Агнес рассказала, что он никогда не терял веры в то, что ребенок Изабель отыщет его, и они договорились, что, если кто-нибудь позвонит по номеру Леруик, 118 и будет спрашивать его, она отправится на Анст и нарисует белый крест на лодочном сарае, обращенном в сторону Хаф-Груни. По этому знаку он сразу же приедет.
Белый крест. Перед моим внутренним взором предстала облезшая белая краска на лодочном сарае.
– И что, многие звонили? – спросил я.
– Нет, – сказала парикмахерша. – За двадцать лет Эйнару Хирифьеллю никто не позвонил.
Я собирался рассказать ей, что видел крест на сарае, но тут она стала рассказывать о своих отношениях с ним.
– Я сама виновата, – призналась Агнес. – Горе Эйнара было таким тяжким, что могло утянуть на глубину нас обоих. Единственное, на что я надеялась, – это что придет ответ. Чтобы он узнал, что девочка тоже умерла, и успокоился. Но как же я могла строить свои надежды на желании, чтобы ребенок оказался мертвым?
Иногда Эйнар демонстрировал ей мелкие знаки внимания. Она часто мечтала о том, чтобы привести в порядок потерявшую всякий вид обстановку в салоне, и вот, появившись как-то раз, он неожиданно спросил, может ли она закрыть салон на пару дней. Затем принес доски, затянул окна папиросной бумагой и заперся внутри. Агнес слышала, как он столярничал далеко за полночь. А на следующее утро притащил стулья и прилавки, изготовленные им заранее, и на лице его промелькнуло что-то похожее на улыбку.

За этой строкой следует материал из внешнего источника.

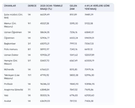 Türkiye İstatistik Kurumu (TÜİK) tarafından açıklanan son enflasyon verileri, memur, emekli ve memur emeklileri tarafından yakından takip edildi. Nisan ayı enflasyon rakamlarının belli olmasıyla birlikte, yılın ilk dört ayına ait enflasyon farkı da netleşti. Bu gelişmeyle birlikte, Temmuz ayında memur ve memur emeklilerine yapılacak muhtemel maaş zammı da şekillenmeye başladı.TÜİK verilerine göre, enflasyon Nisan ayında aylık bazda yüzde 3 artış gösterdi. Yıllık bazda ise enflasyon oranı yüzde 37,86 olarak kaydedildi. Açıklanan bu veriler doğrultusunda, Ocak, Şubat, Mart ve Nisan aylarını kapsayan ilk dört aylık dönemdeki enflasyon farkı ortaya çıktı. Buna göre memurlar, yüzde 12,29 oranında bir maaş zammı alacak.Memur ve memur emeklileri, 2025 yılı ilk 6 ayı için toplu sözleşme gereği yüzde 6 oranında zam alacak. Ancak enflasyonun bu oranın üzerinde gerçekleşmesi durumunda, oluşan fark maaşlara ekleniyor. İlk dört aylık verilere göre, toplu sözleşme zammını aşan enflasyon farkı yüzde 6,94 olarak hesaplandı. Böylece memurlar için şu ana kadar toplam zam oranı yüzde 12,29 oldu.Bu zam oranı, memurların mevcut maaşlarına doğrudan yansıtılacak. Temmuz ayında açıklanacak Mayıs ve Haziran ayı enflasyon verileri de eklenerek, kesin zam oranı belirlenecek. Bu süreçte öğretmen, polis, profesör ve diğer kamu çalışanlarının unvan ve derecelerine göre alacakları zamlı maaşlar da netleşmeye devam ediyor.Memur ve memur emeklileri, enflasyon farklarının maaşlarına yansıtılmasıyla birlikte Temmuz ayında hangi oranda bir gelir artışı elde edeceklerini merakla bekliyor. Temmuz ayında kesinleşecek verilerle birlikte, tüm memur ve emekli maaşları güncellenmiş olacak.
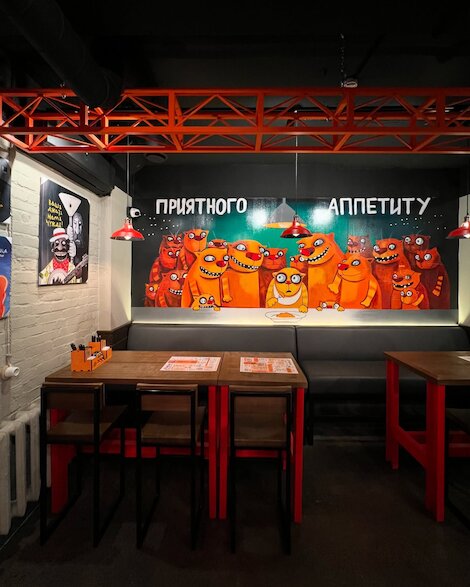 - Бургерная с брутальным интерьером и фирменной пиццей

В воскресенье ближе к вечеру стук молотка утих. Эйнар привел ее в салон, который оказался бы к месту на парадной торговой улице Парижа. Вся обстановка была выполнена в утонченном стиле ар-деко, с его четкими и чистыми линиями, но украшена она была изысканными резными орнаментами. Ряд элегантных ламп обеспечил мастерам удобное освещение.

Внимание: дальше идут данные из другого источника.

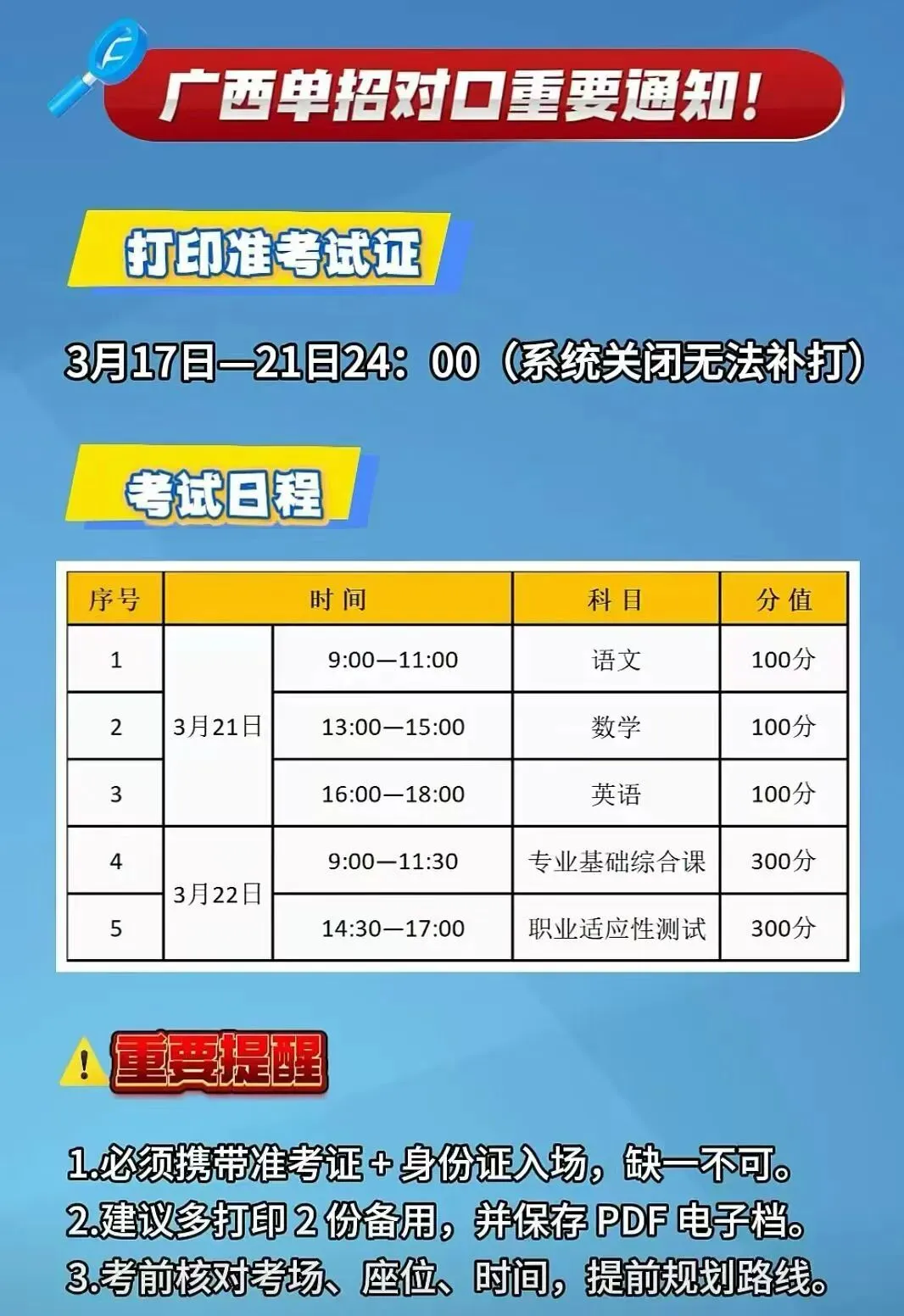 通知通知!单招对口准考证下载打印,今天开始,同学们记得下载,错过打印时间,进不了考场

– Это я, – сказал Эйнар. – Сам.
Самым шикарным из обстановки был комод с тридцатью ящичками для ножниц и прочей мелочовки. Каждый ящичек был инкрустирован сияющими белыми капельками перламутра, и когда все ящики были задвинуты, узор образовывал очертания тюльпана, такого же, как на лампах.

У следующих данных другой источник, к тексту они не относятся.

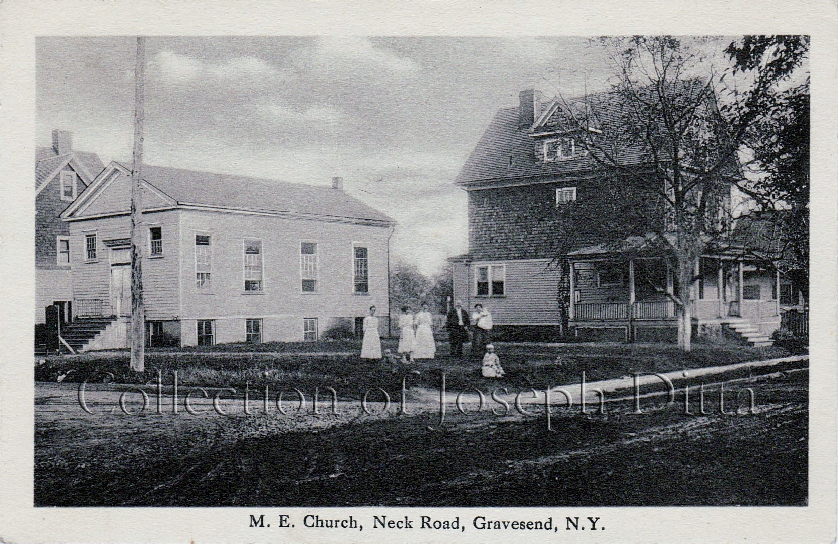 Postcard view of the Gravesend Methodist Epsicopal Church, southeast corner of Neck Road and Van Sicklen Street, circa 1910. {Collection of Joseph Ditta}

– Все это забросило сюда море, – сказал Эйнар. – Как нас с тобой.
Впервые он проявил к Агнес какое-то чувство. Парикмахерша обняла его, но ей показалось, что с тем же успехом она могла обнимать статую Вигеланда[38]. Поев, Эйнар заночевал у нее, но на следующий день вернулся на Хаф-Груни.
Обстановка салона поймала ее в сети, из которых ей было уже не выпутаться. Она не могла не влюбиться без памяти в человека, сумевшего создать такую красоту. По той же причине у нее не хватало духу продать салон, и она привыкла служить диспетчером для так и не поступавшего телефонного звонка. Каждый год Браун обновляла регистрацию Эйнара в телефонном каталоге, и каждый год ее с новой силой пронзало горькое понимание того, что и ее собственная жизнь, как и его, проходит зря.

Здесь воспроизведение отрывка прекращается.